_ENTRIES SHOWN:_
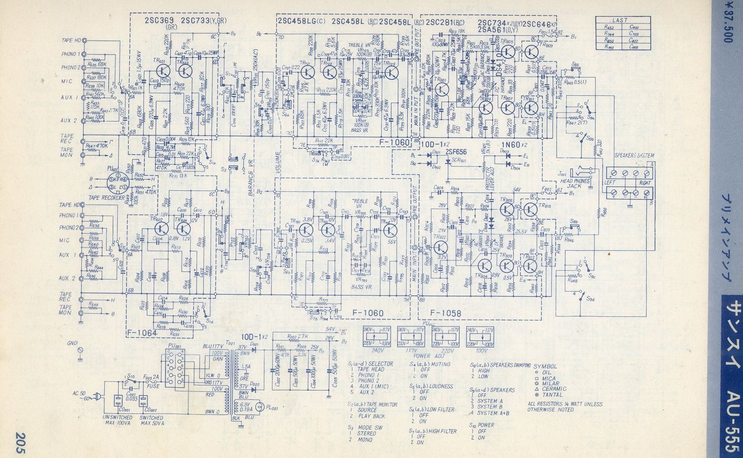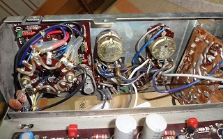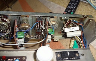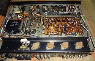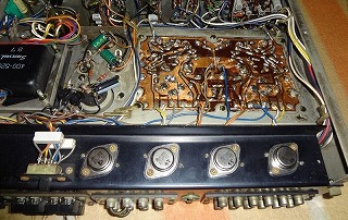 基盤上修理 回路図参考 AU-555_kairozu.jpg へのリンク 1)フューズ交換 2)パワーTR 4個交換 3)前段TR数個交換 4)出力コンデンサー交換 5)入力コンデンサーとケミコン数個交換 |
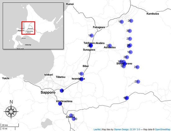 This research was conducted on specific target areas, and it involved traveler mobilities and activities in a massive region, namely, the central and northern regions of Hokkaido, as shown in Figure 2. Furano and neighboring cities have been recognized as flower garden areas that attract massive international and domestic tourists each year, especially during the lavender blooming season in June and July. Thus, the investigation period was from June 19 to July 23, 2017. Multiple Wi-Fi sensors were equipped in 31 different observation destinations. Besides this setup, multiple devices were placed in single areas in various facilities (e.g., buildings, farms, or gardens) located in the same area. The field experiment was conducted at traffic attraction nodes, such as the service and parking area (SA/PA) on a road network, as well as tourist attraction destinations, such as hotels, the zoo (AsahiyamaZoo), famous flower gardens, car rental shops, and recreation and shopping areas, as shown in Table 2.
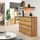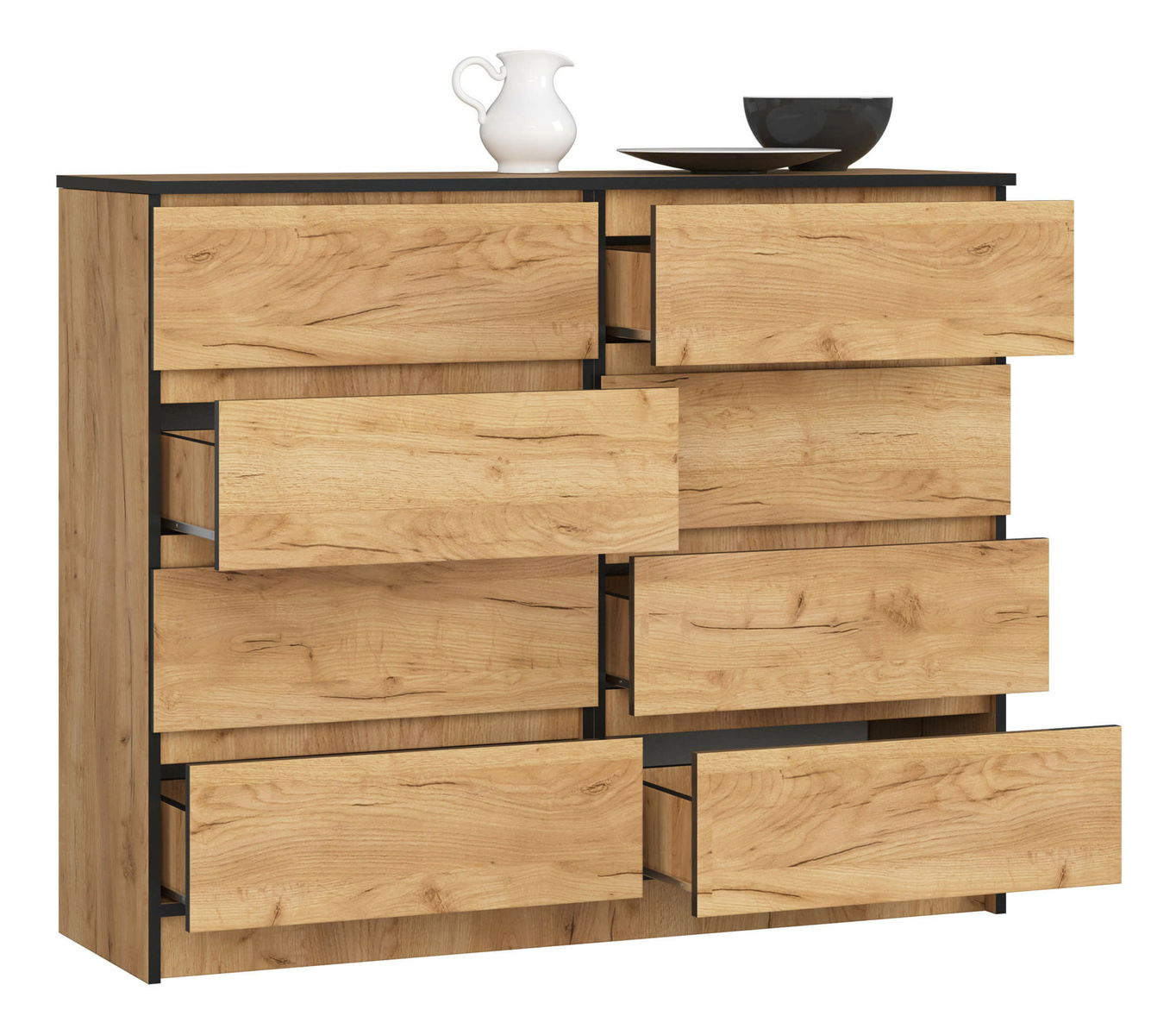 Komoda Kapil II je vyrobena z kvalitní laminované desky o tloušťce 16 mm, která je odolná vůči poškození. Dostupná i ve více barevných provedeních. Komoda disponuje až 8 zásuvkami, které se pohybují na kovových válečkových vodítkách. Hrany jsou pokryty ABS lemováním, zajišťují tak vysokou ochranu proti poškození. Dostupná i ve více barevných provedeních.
* * *
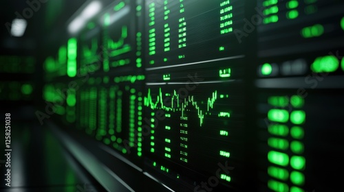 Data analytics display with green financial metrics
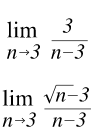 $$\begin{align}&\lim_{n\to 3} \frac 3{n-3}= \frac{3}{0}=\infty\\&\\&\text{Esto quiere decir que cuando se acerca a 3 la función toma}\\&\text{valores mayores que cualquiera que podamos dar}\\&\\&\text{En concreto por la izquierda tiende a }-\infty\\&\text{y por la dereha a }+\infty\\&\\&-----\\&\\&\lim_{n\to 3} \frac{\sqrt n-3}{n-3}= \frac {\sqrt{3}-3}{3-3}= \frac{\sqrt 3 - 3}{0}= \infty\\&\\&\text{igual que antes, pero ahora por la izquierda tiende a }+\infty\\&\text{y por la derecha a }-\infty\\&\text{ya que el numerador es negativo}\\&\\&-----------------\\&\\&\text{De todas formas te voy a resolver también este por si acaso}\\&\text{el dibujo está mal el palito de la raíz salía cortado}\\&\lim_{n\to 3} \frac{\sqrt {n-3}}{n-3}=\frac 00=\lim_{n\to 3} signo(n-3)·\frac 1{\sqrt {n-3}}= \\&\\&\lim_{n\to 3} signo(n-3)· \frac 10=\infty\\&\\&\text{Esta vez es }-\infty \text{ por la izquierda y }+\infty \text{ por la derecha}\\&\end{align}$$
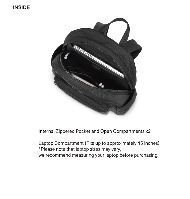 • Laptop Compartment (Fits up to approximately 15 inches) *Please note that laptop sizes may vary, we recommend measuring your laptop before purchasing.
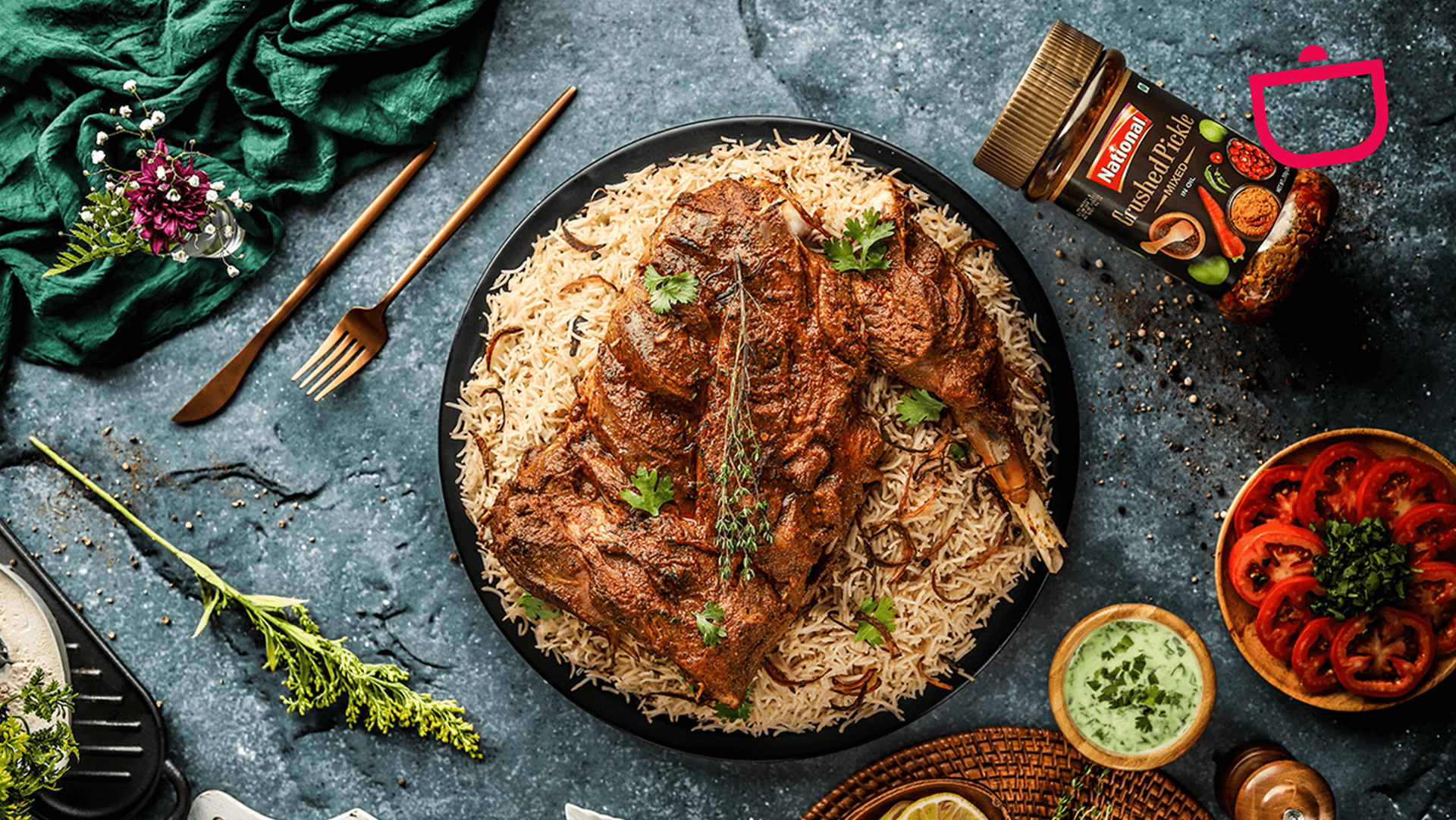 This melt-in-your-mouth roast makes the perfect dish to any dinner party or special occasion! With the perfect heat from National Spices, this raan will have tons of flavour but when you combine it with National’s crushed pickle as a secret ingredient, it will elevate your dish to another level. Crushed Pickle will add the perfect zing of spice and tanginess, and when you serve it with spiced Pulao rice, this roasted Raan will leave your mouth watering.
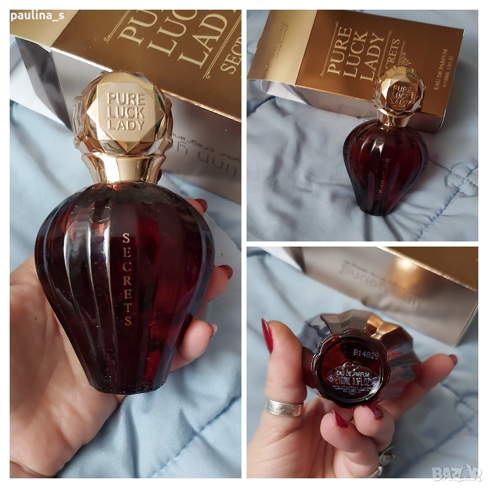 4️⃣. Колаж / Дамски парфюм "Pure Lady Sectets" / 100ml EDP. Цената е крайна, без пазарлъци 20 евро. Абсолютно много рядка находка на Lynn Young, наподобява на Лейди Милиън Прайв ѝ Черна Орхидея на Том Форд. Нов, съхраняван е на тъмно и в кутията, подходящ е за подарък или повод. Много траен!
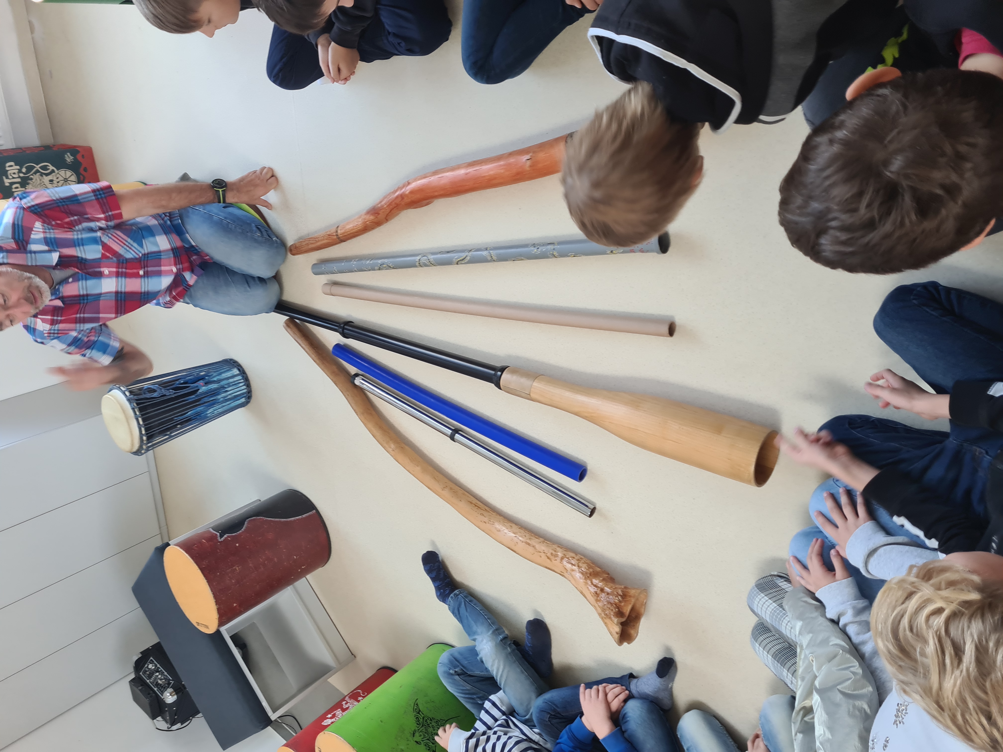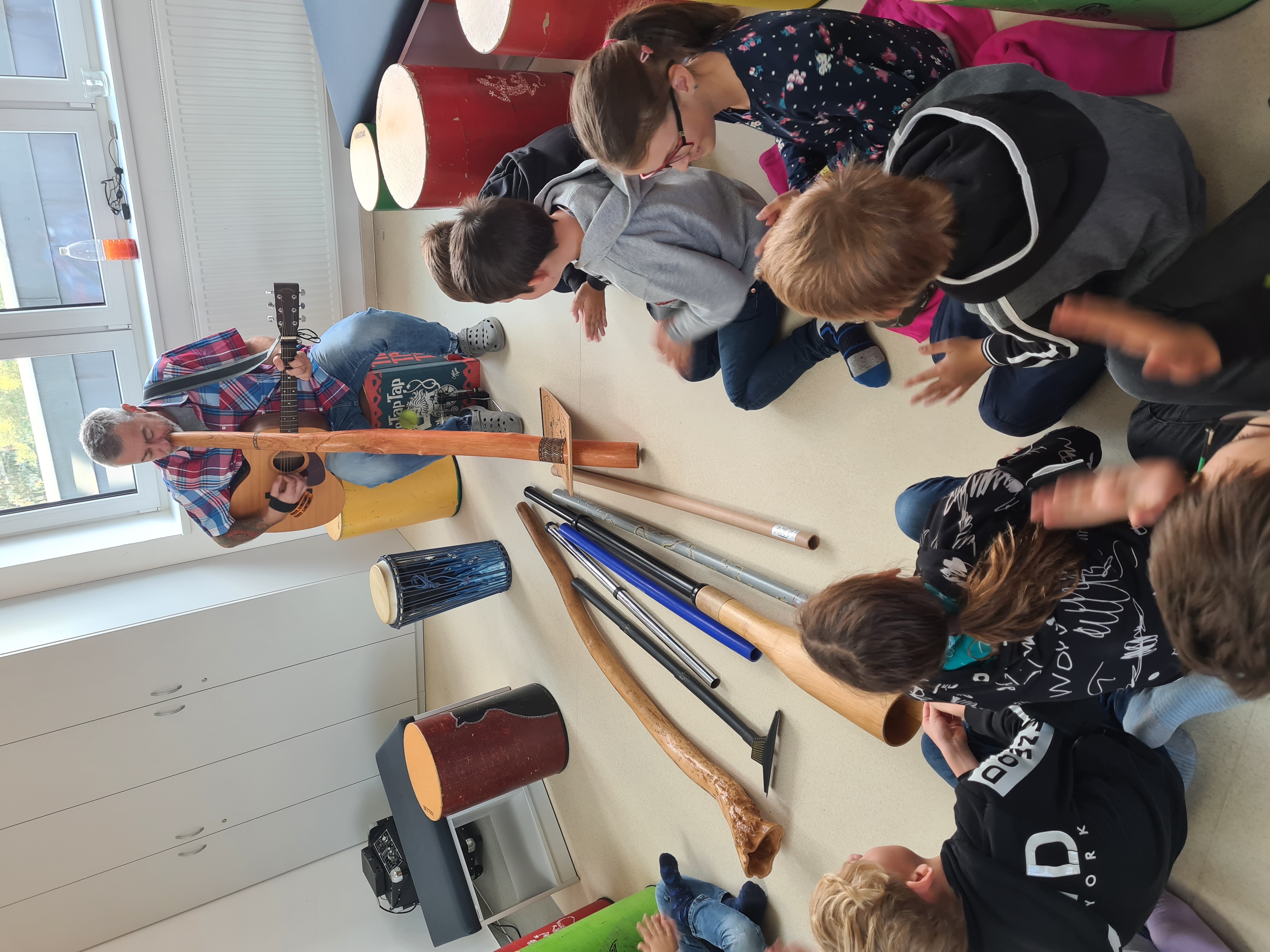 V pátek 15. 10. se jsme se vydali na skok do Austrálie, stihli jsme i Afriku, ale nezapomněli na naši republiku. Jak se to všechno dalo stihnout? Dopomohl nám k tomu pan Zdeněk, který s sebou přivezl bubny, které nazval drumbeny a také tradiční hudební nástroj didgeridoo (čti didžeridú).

_ACTION ITEM:_
Among the entries above, take the line with "quiere decir que", the line with "This melt-in-your-mouth roast", and all the lines between them, and restate them word for word without pictures.

_TASK OUTPUT:_
 $$\begin{align}&\lim_{n\to 3} \frac 3{n-3}= \frac{3}{0}=\infty\\&\\&\text{Esto quiere decir que cuando se acerca a 3 la función toma}\\&\text{valores mayores que cualquiera que podamos dar}\\&\\&\text{En concreto por la izquierda tiende a }-\infty\\&\text{y por la dereha a }+\infty\\&\\&-----\\&\\&\lim_{n\to 3} \frac{\sqrt n-3}{n-3}= \frac {\sqrt{3}-3}{3-3}= \frac{\sqrt 3 - 3}{0}= \infty\\&\\&\text{igual que antes, pero ahora por la izquierda tiende a }+\infty\\&\text{y por la derecha a }-\infty\\&\text{ya que el numerador es negativo}\\&\\&-----------------\\&\\&\text{De todas formas te voy a resolver también este por si acaso}\\&\text{el dibujo está mal el palito de la raíz salía cortado}\\&\lim_{n\to 3} \frac{\sqrt {n-3}}{n-3}=\frac 00=\lim_{n\to 3} signo(n-3)·\frac 1{\sqrt {n-3}}= \\&\\&\lim_{n\to 3} signo(n-3)· \frac 10=\infty\\&\\&\text{Esta vez es }-\infty \text{ por la izquierda y }+\infty \text{ por la derecha}\\&\end{align}$$
 • Laptop Compartment (Fits up to approximately 15 inches) *Please note that laptop sizes may vary, we recommend measuring your laptop before purchasing.
 This melt-in-your-mouth roast makes the perfect dish to any dinner party or special occasion! With the perfect heat from National Spices, this raan will have tons of flavour but when you combine it with National’s crushed pickle as a secret ingredient, it will elevate your dish to another level. Crushed Pickle will add the perfect zing of spice and tanginess, and when you serve it with spiced Pulao rice, this roasted Raan will leave your mouth watering.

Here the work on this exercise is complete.